[Record extracts]:

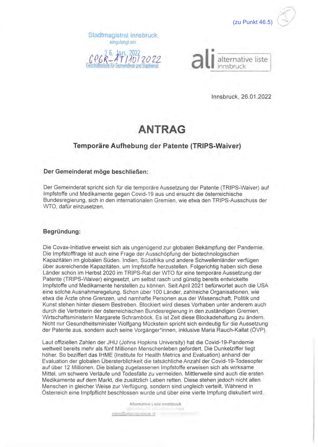 Der Gemeinderat spricht sich für die temporäre Aussetzung der Patente (TRIPS-Waiver) auf
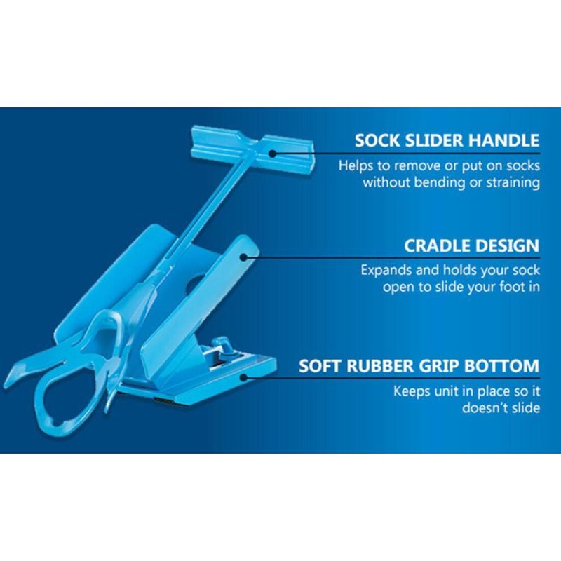 1pcs Sok Slider Hulp Blauw Helper Kit Geen Buigen Schoenlepel Geschikt Voor Sokken Voet Brace Ondersteuning Helpt Zet sokken Op Off
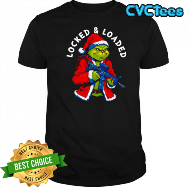 Grinch Santa suit Rifle Locked & Loaded shirt, hoodie, sweater, longsleeve and ladies t-shirt
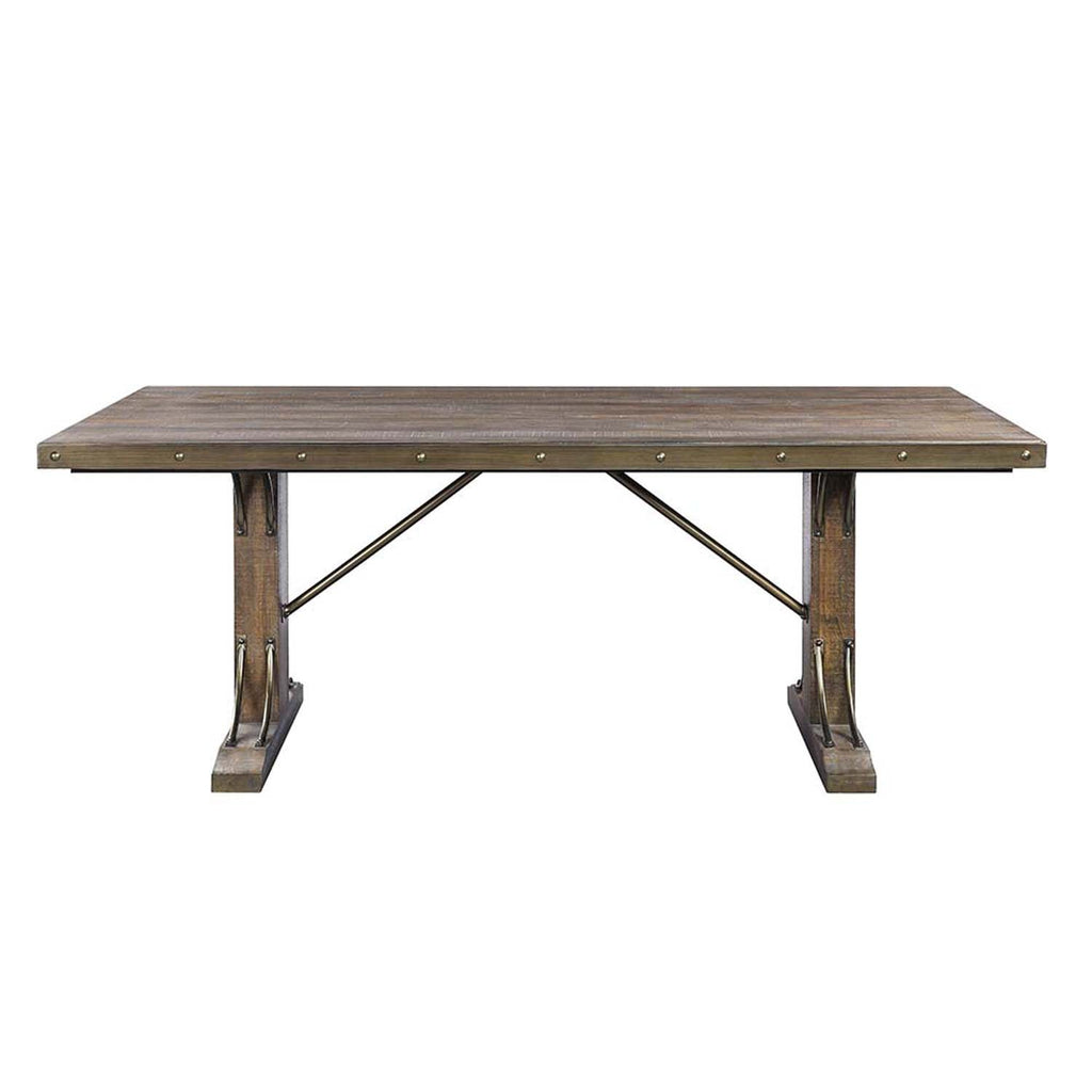 The dining table is where the greatest memories are formed. Gather friends and family around the Raphaela dining table in weathered cherry. Its ample tabletop will seat your guests comfortably, which makes it great for hosting dinner parties. The double pedestal base and support bars assure that the table is sturdy. The metal trim on the tabletop adds modern farmhouse charm to the piece.
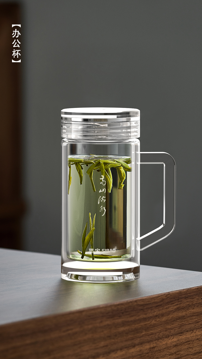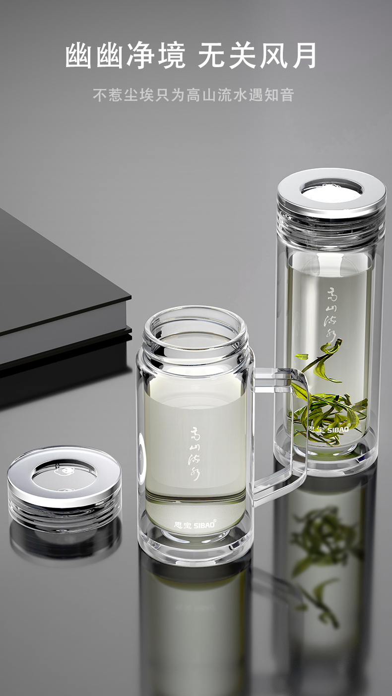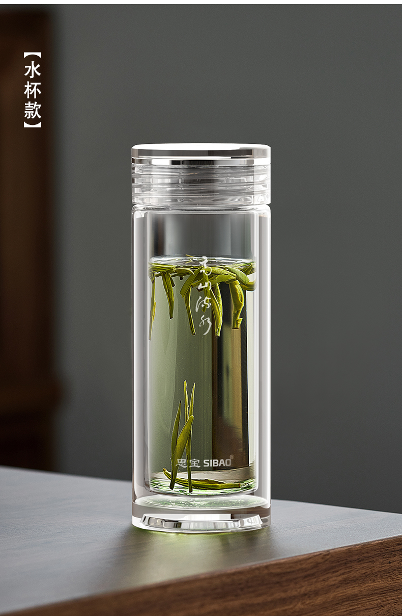 思宝官方旗舰店高山流水直筒男女士商务双层玻璃杯商场同款茶水杯
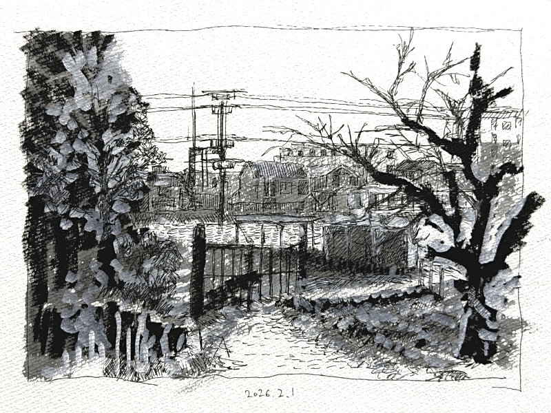 少しだけ習作していました。使用画材は普段通りのケント紙・黒インクに加え、今回はポスカの白・黒、薄墨ペンなどを用いています。モチーフは風景スケッチの過去作です(実際に現地で描いていたもの)。
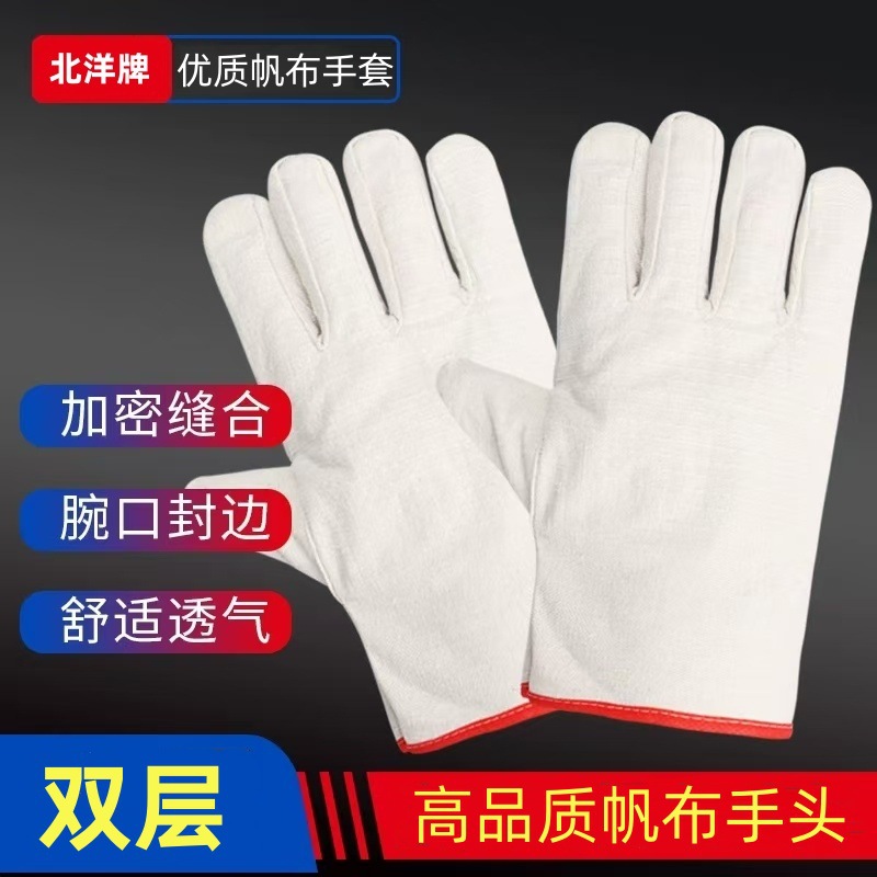 24線二重帆布手袋は耐摩耗性機械工事現場の滑り止め電気溶接工労働者の労働保護手袋を厚くする
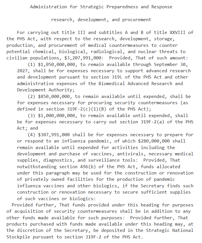 “Per l’attuazione del titolo III e dei sottotitoli A e B del titolo XXVIII della legge PHS, in relazione alla ricerca, allo sviluppo, allo stoccaggio, alla produzione e all’approvvigionamento di contromisure mediche volte a contrastare potenziali minacce chimiche, biologiche, radiologiche e nucleari alla popolazione civile, 3.207.991.000 dollari: a condizione che di tale importo”
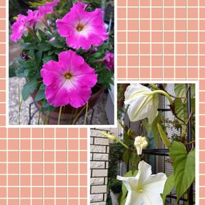 ペチュニアと夜顔 どちらも夏の花ですが今も沢山花が咲きます
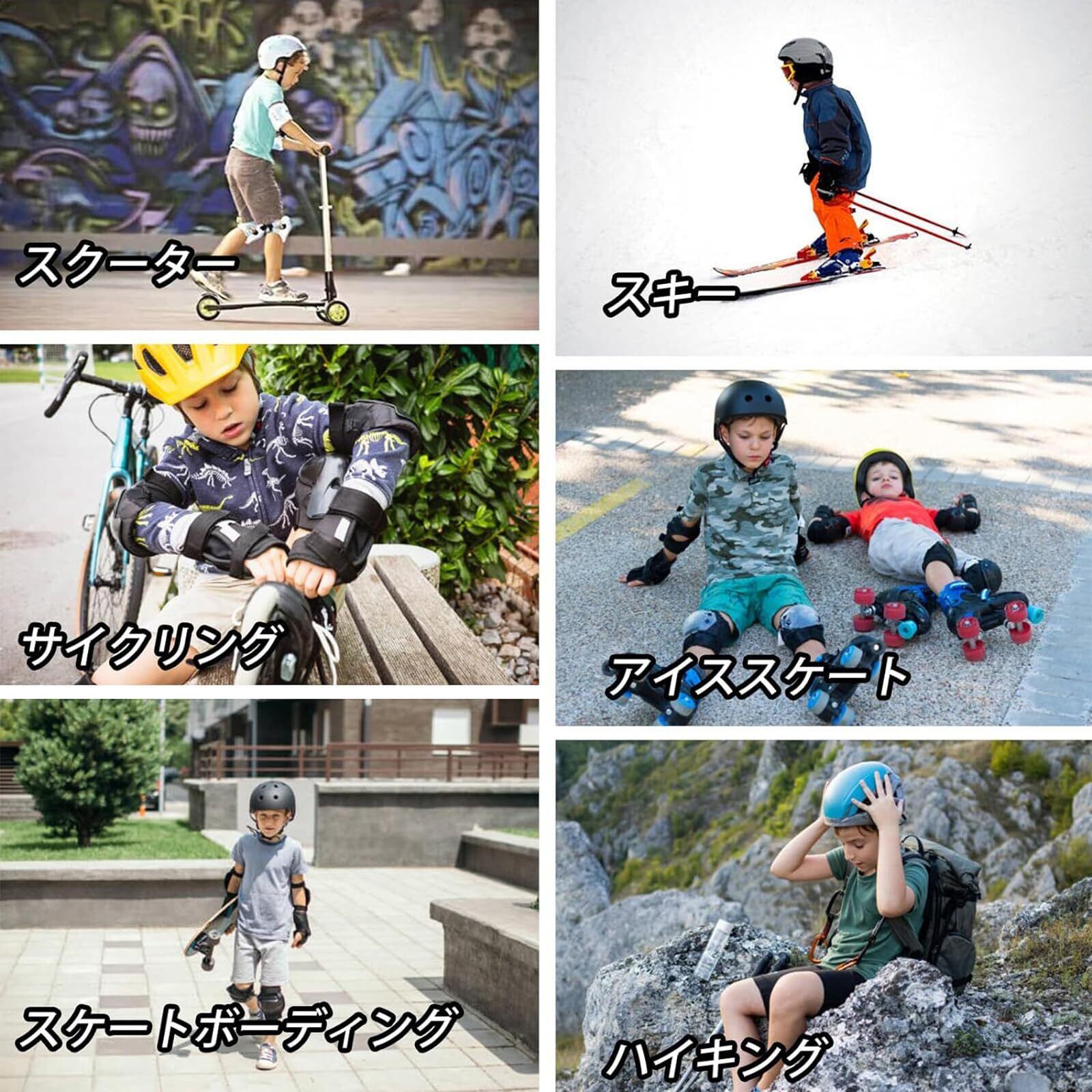 【幅広くお使い】自転車、スケートボード、ローラースケート、インラインスケート、一輪車、ストライダー、サイクリング、スキーなど様々なシーンで、子供用なスポーツプロテクターを着用して、お子様のご安全をしっかりと守ります。

[Your objective]: Once the pictures are set aside, what is needed is the lines from the line with "1pcs Sok Slider" through the end of the data, written out exactly and alone.

[Response]:
 1pcs Sok Slider Hulp Blauw Helper Kit Geen Buigen Schoenlepel Geschikt Voor Sokken Voet Brace Ondersteuning Helpt Zet sokken Op Off
 Grinch Santa suit Rifle Locked & Loaded shirt, hoodie, sweater, longsleeve and ladies t-shirt
 The dining table is where the greatest memories are formed. Gather friends and family around the Raphaela dining table in weathered cherry. Its ample tabletop will seat your guests comfortably, which makes it great for hosting dinner parties. The double pedestal base and support bars assure that the table is sturdy. The metal trim on the tabletop adds modern farmhouse charm to the piece.
 思宝官方旗舰店高山流水直筒男女士商务双层玻璃杯商场同款茶水杯
 少しだけ習作していました。使用画材は普段通りのケント紙・黒インクに加え、今回はポスカの白・黒、薄墨ペンなどを用いています。モチーフは風景スケッチの過去作です(実際に現地で描いていたもの)。
 24線二重帆布手袋は耐摩耗性機械工事現場の滑り止め電気溶接工労働者の労働保護手袋を厚くする
 “Per l’attuazione del titolo III e dei sottotitoli A e B del titolo XXVIII della legge PHS, in relazione alla ricerca, allo sviluppo, allo stoccaggio, alla produzione e all’approvvigionamento di contromisure mediche volte a contrastare potenziali minacce chimiche, biologiche, radiologiche e nucleari alla popolazione civile, 3.207.991.000 dollari: a condizione che di tale importo”
 ペチュニアと夜顔 どちらも夏の花ですが今も沢山花が咲きます
 【幅広くお使い】自転車、スケートボード、ローラースケート、インラインスケート、一輪車、ストライダー、サイクリング、スキーなど様々なシーンで、子供用なスポーツプロテクターを着用して、お子様のご安全をしっかりと守ります。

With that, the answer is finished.